WHAT YOU NEED TO DO: Once the pictures are set aside, reproduce the remaining data exactly.

━━━ RECORDED DATA ━━━

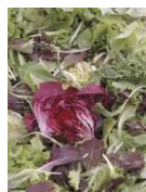
MESCLUN/MIX'T Mélange des 4 Saisons 500 seeds £1.80 Sow: Jun - Sept
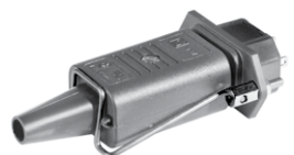
Cord retaining kits Cord retaining strain relief
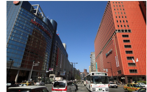
Tenjin (day 9)

We will leave the busy city for the historical Dazaifu City. We will go to Dazaifu Tenmangu Shrine where students come from all over Japan to pray that they succeed in their studies and exams. We will also go to the nearby Komyozenji Temple and the Kyushu National Museum.

━━━

EXPECTED OUTPUT:
MESCLUN/MIX'T Mélange des 4 Saisons 500 seeds £1.80 Sow: Jun - Sept
Cord retaining kits Cord retaining strain relief
Tenjin (day 9)

We will leave the busy city for the historical Dazaifu City. We will go to Dazaifu Tenmangu Shrine where students come from all over Japan to pray that they succeed in their studies and exams. We will also go to the nearby Komyozenji Temple and the Kyushu National Museum.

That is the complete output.